NERSC · swelborn · Jan 30, 2026 · Jan 30, 2026 · Jan 30, 2026
diff --git a/backend/agent/.env.example b/backend/agent/.env.example
@@ -12,6 +12,3 @@ AGENT_NETWORKS='["perlmutter"]'
 AGENT_NAME="SecretAgentMan"
 NATS_STREAM_STORAGE_TYPE=file
 OPERATOR_EXTRA_ENV='{"CUDA_VISIBLE_DEVICES":"0","MY_FLAG":"enabled"}'
-
-# Vector log aggregation
-VECTOR_AGGREGATOR_ADDR=host.containers.internal:6000
diff --git a/backend/agent/interactem/agent/_vector_template.py b/backend/agent/interactem/agent/_vector_template.py
@@ -119,13 +119,89 @@
       del(.message)
 {% endraw %}
 
-sinks:
-  vector_aggregator:
-    type: vector
+  clean_logs:
+    type: remap
     inputs:
       - parse_operator_logs
       - parse_vector_logs
       - parse_agent_logs
-    address: {{ vector_addr }}
-    version: '2'
+    source: |
+{% raw %}
+      # Remove fields we don't want to forward to NATS
+      if .log_type == "agent" {
+        del(.file)
+        del(.source_type)
+      }
+      if .log_type == "operator" {
+        del(.file)
+        del(.source_type)
+        del(.stream)
+      }
+      .
+{% endraw %}
+
+  route_by_type:
+    type: route
+    inputs:
+      - clean_logs
+    route:
+      vector_logs: '.log_type == "vector"'
+      agent_logs: '.log_type == "agent"'
+      operator_logs: '.log_type == "operator"'
+
+sinks:
+  console:
+    type: console
+    inputs:
+      - route_by_type.vector_logs
+      - route_by_type.agent_logs
+      - route_by_type.operator_logs
+    target: stdout
+    encoding:
+      codec: json
+
+  nats_vector:
+    type: nats
+    inputs:
+      - route_by_type.vector_logs
+    url: "{{ nats_url }}"
+{% raw %}
+    subject: "log.vector.{{ agent_id }}"
+    encoding:
+      codec: json
+{% endraw %}
+    auth:
+      strategy: credentials_file
+      credentials_file:
+        path: "{{ nats_creds_path }}"
+
+  nats_agents:
+    type: nats
+    inputs:
+      - route_by_type.agent_logs
+    url: "{{ nats_url }}"
+{% raw %}
+    subject: "log.agent.{{ agent_id }}"
+    encoding:
+      codec: json
+{% endraw %}
+    auth:
+      strategy: credentials_file
+      credentials_file:
+        path: "{{ nats_creds_path }}"
+
+  nats_operators:
+    type: nats
+    inputs:
+      - route_by_type.operator_logs
+    url: "{{ nats_url }}"
+{% raw %}
+    subject: "log.depl.{{ deployment_id }}.op.{{ operator_id }}"
+    encoding:
+      codec: json
+{% endraw %}
+    auth:
+      strategy: credentials_file
+      credentials_file:
+        path: "{{ nats_creds_path }}"
 """
diff --git a/backend/agent/interactem/agent/agent.py b/backend/agent/interactem/agent/agent.py
@@ -278,7 +278,11 @@ async def run(self):
         await self.agent_kv.start()
         # Start the container monitor task at the agent level
         self._monitor_task = asyncio.create_task(self.monitor_containers())

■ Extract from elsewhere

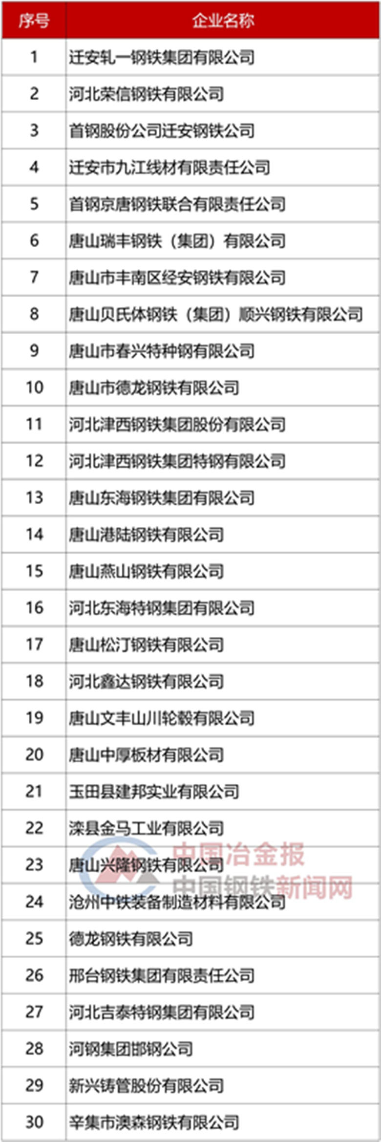 近日,河北省生态环境厅发布河北省2019年度开展强制性清洁生产审核企业名单(以下简称“名单”),对钢铁、焦化等企业围绕蓝天保卫战三年行动方案提出的实施大气污染物超低排放要求,对照清洁生产国际先进水平实施清洁生产审核。据《中国冶金报》、中国钢铁新闻网统计,名单中包含的钢铁企业共有30家,具体如下——

-        self._vector_container = await self._start_vector_container()
+        self._vector_container = None
+        if cfg.vector_enabled:
+            self._vector_container = await self._start_vector_container()
+        else:
+            logger.info("Vector logging disabled; skipping vector container startup.")
 
     async def _start_vector_container(self) -> Container:
         logger.info("Starting Vector container for log aggregation...")

diff --git a/backend/agent/interactem/agent/config.py b/backend/agent/interactem/agent/config.py
@@ -12,10 +12,12 @@
     PodmanMount,
     PodmanMountType,
 )
+from interactem.core.nats.config import NatsMode, get_nats_config
 
 from ._vector_template import VECTOR_CONFIG_TEMPLATE
 
 logger = get_logger()
+VECTOR_NATS_CREDS_TARGET = "/nats.creds"
 
 
 class Settings(BaseSettings):
@@ -43,7 +45,7 @@ class Settings(BaseSettings):
     ALWAYS_PULL_IMAGES: bool = False
 
     # Vector configuration
-    VECTOR_AGGREGATOR_ADDR: str | None = None
+    VECTOR_ENABLED: bool = True
     LOG_DIR: Path = Path("~/.interactem/logs").expanduser().resolve()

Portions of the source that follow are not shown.